> _Work required_
Omit all pictures, then repeat the listing exactly.

> _Data below_
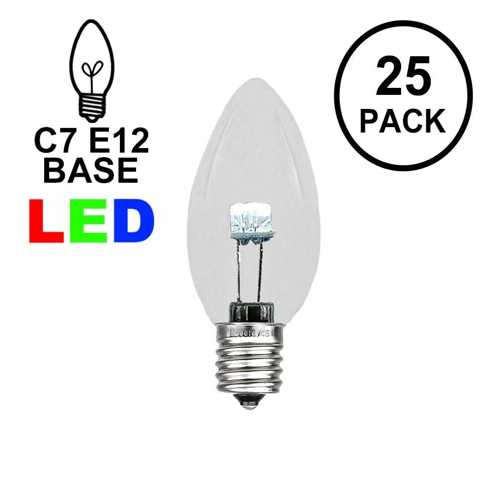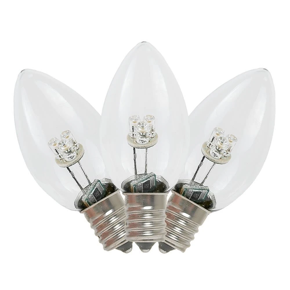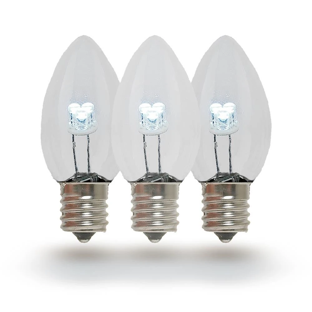 Novelty Lights beautiful, energy-efficient glass LED Pure White C7 bulbs for long-lasting, vibrant, Christmas light displays. Our glass LED bulbs are as versatile as they are stunning; use them as outdoor string lights or party lights in the summer and as Christmas tree lights, roofline bulbs and outdoor Christmas light displays in the winter. The smooth glass material of these bulbs is reminiscent of traditional incandescent Christmas lights and gives them an antique look. Our Pure White energy efficient bulbs use 1/10 the energy of their incandescent counterparts, yet they are just as bright; each bulb has 3 vibrant diodes, does not produce heat, and is vibration resistant. If you are using C7 LED bulbs for the first time or if you are retrofitting your old C7 strings, our glass LED C7 Pure White Christmas lights are the stunning, smart, green, and energy-efficient solution. Our C7 glass LED bulbs can be used with our C7 Stringers (10’, 12.5’, 25′ & 100′), our E12 Heavy Duty Light Strings (25′, 100′ & 330′), our commercial grade bulk C7 Bulk spools as well as our vintage Twisted Wire Strings with E12 Bakelite Sockets.
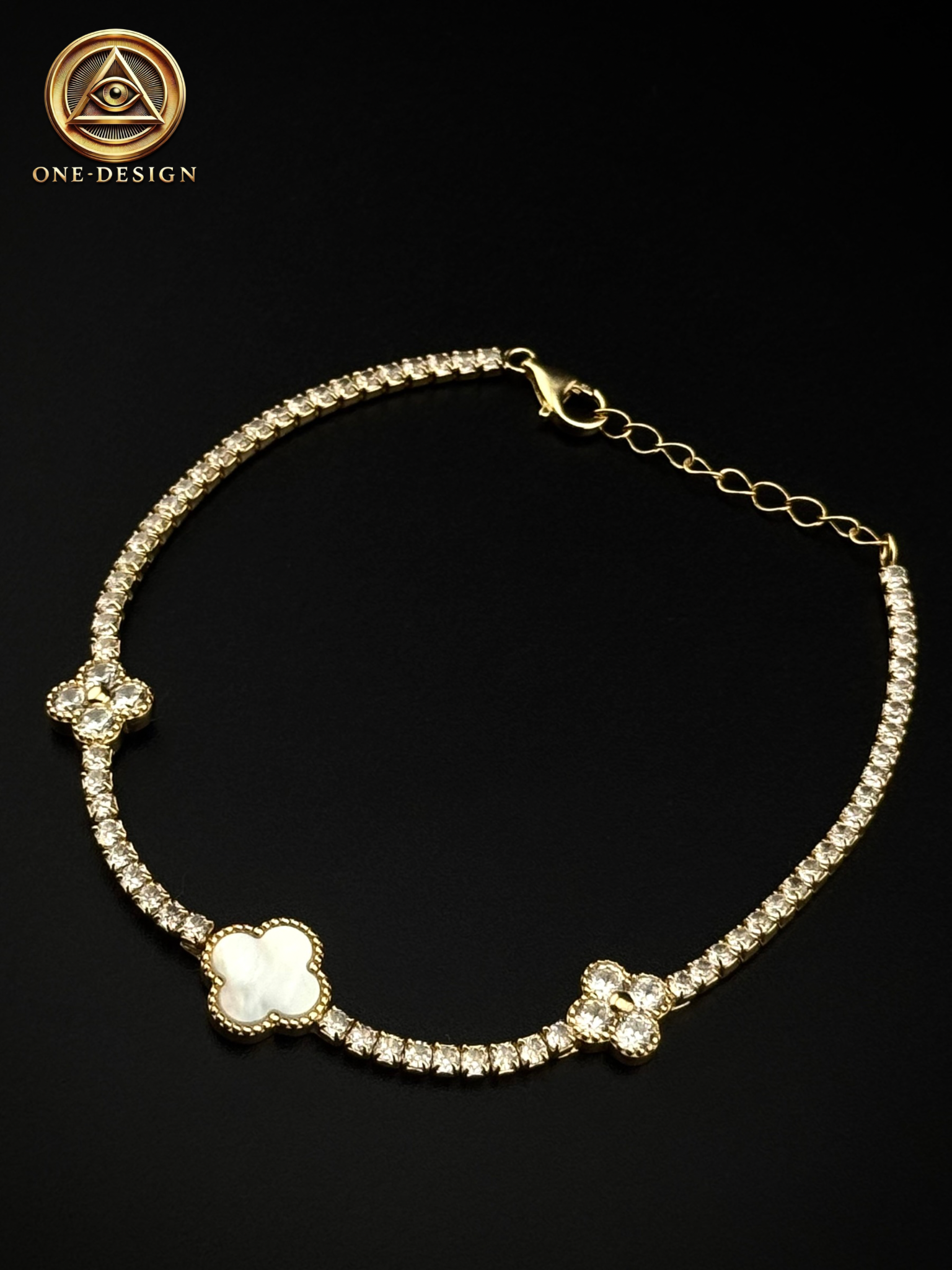 ¡Luce un brillo y lujo incomparable con nuestra exclusiva pulsera de clover! Hecha en plata 925 baño de oro, su diseño ajustable y piedras brillantes en todo su contorno te dará un look sofisticado y elegante. Las hojas llenas de brillo son un detalle único e irresistible. ¡Atrévete a destacar con esta pulsera única!
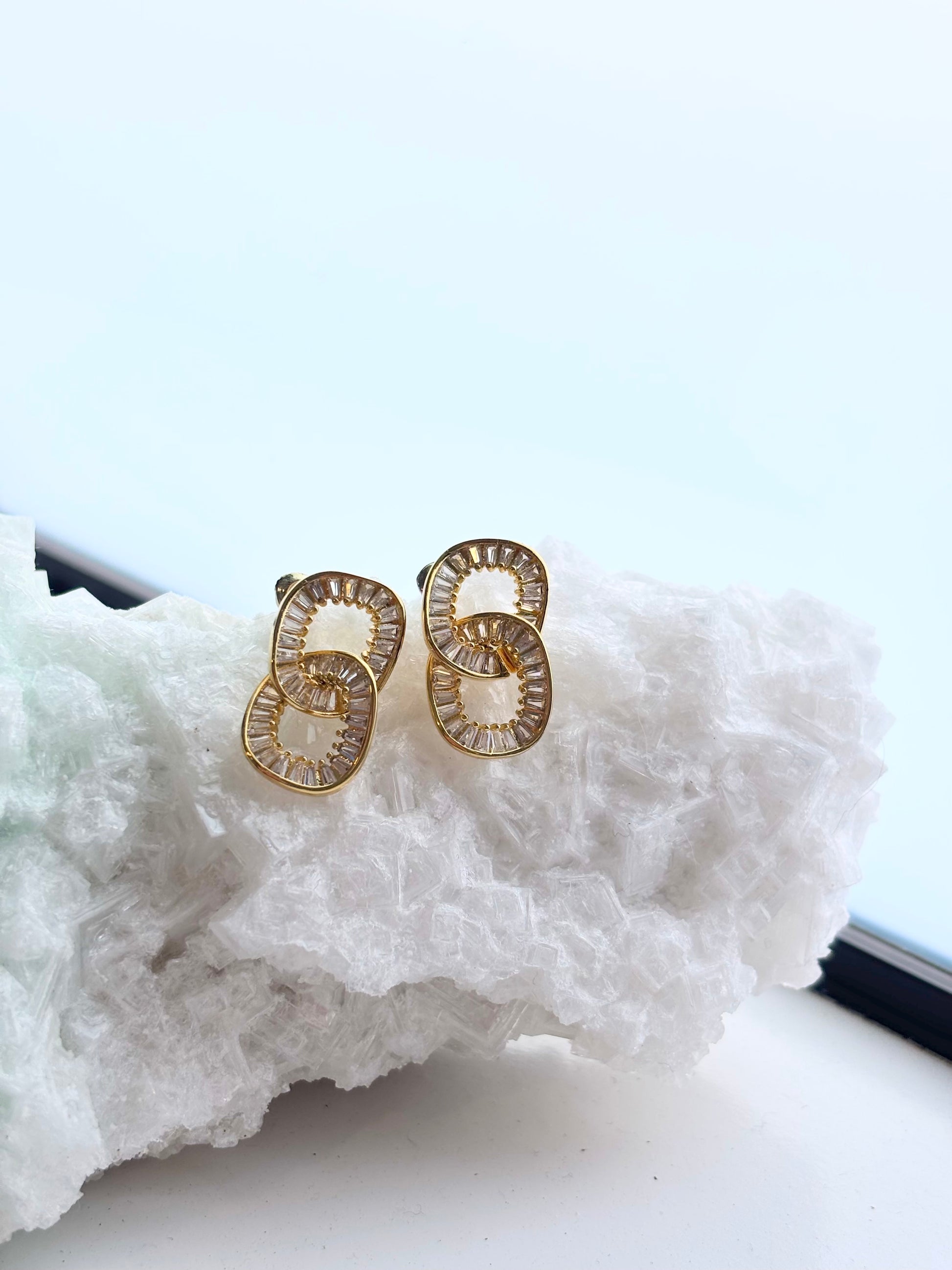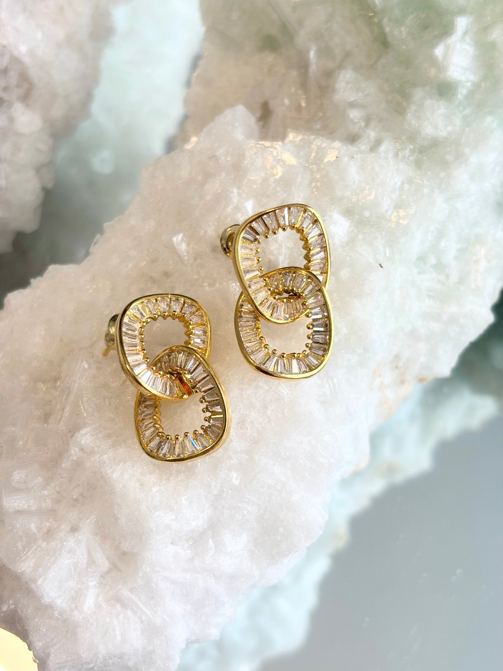 Each earring features two interlinked loops in polished gold-tone, delicately lined with brilliant crystal baguettes that shimmer with every movement. The sculptural silhouette makes them a standout piece, while their medium size keeps them perfectly wearable from day to night.
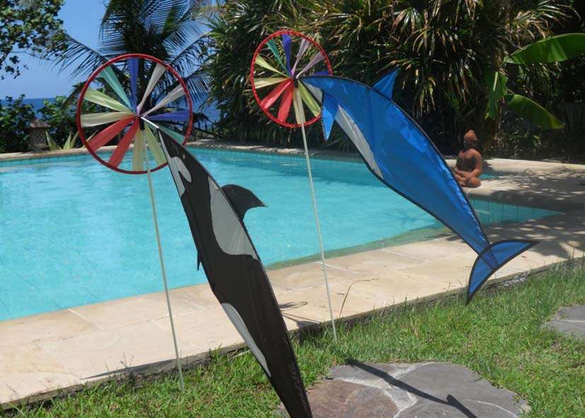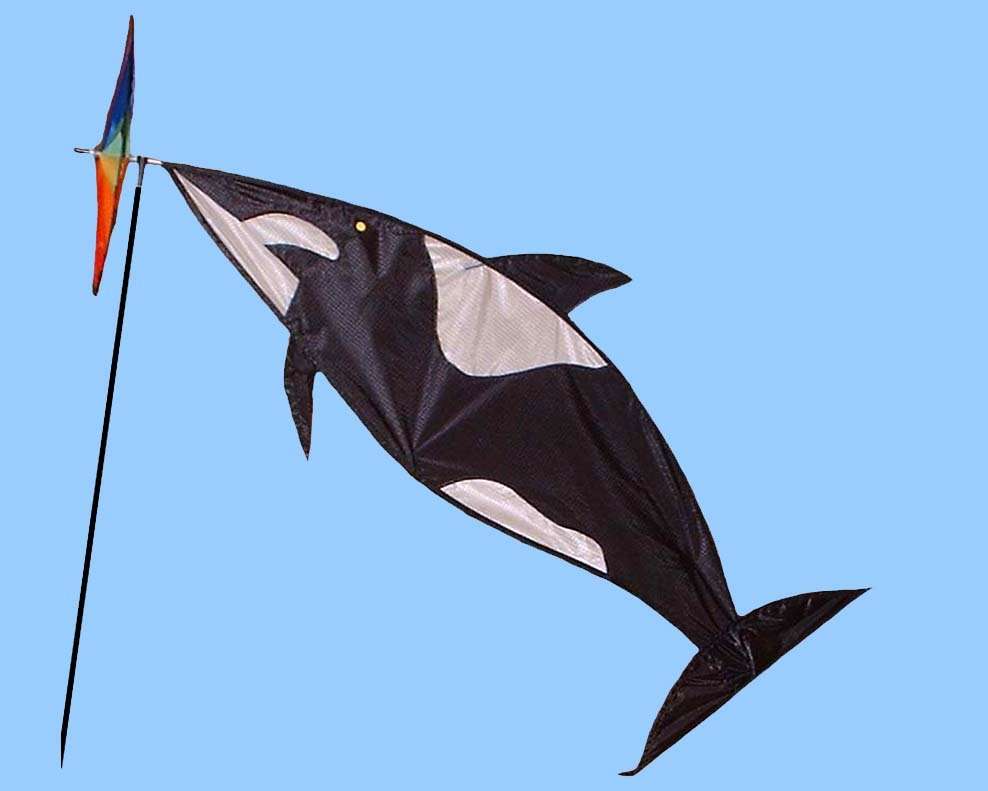 Beliebtes Windspiel in Form eines Orcas. Während sich das Rad im Wind dreht, zeigt der Orca die Windrichtung an. Ein lustiges Dekorationselement, das zum Glück nicht beißt. Eines unserer ältesten Windspiele.

> _Exercise response_
 Novelty Lights beautiful, energy-efficient glass LED Pure White C7 bulbs for long-lasting, vibrant, Christmas light displays. Our glass LED bulbs are as versatile as they are stunning; use them as outdoor string lights or party lights in the summer and as Christmas tree lights, roofline bulbs and outdoor Christmas light displays in the winter. The smooth glass material of these bulbs is reminiscent of traditional incandescent Christmas lights and gives them an antique look. Our Pure White energy efficient bulbs use 1/10 the energy of their incandescent counterparts, yet they are just as bright; each bulb has 3 vibrant diodes, does not produce heat, and is vibration resistant. If you are using C7 LED bulbs for the first time or if you are retrofitting your old C7 strings, our glass LED C7 Pure White Christmas lights are the stunning, smart, green, and energy-efficient solution. Our C7 glass LED bulbs can be used with our C7 Stringers (10’, 12.5’, 25′ & 100′), our E12 Heavy Duty Light Strings (25′, 100′ & 330′), our commercial grade bulk C7 Bulk spools as well as our vintage Twisted Wire Strings with E12 Bakelite Sockets.
 ¡Luce un brillo y lujo incomparable con nuestra exclusiva pulsera de clover! Hecha en plata 925 baño de oro, su diseño ajustable y piedras brillantes en todo su contorno te dará un look sofisticado y elegante. Las hojas llenas de brillo son un detalle único e irresistible. ¡Atrévete a destacar con esta pulsera única!
 Each earring features two interlinked loops in polished gold-tone, delicately lined with brilliant crystal baguettes that shimmer with every movement. The sculptural silhouette makes them a standout piece, while their medium size keeps them perfectly wearable from day to night.
 Beliebtes Windspiel in Form eines Orcas. Während sich das Rad im Wind dreht, zeigt der Orca die Windrichtung an. Ein lustiges Dekorationselement, das zum Glück nicht beißt. Eines unserer ältesten Windspiele.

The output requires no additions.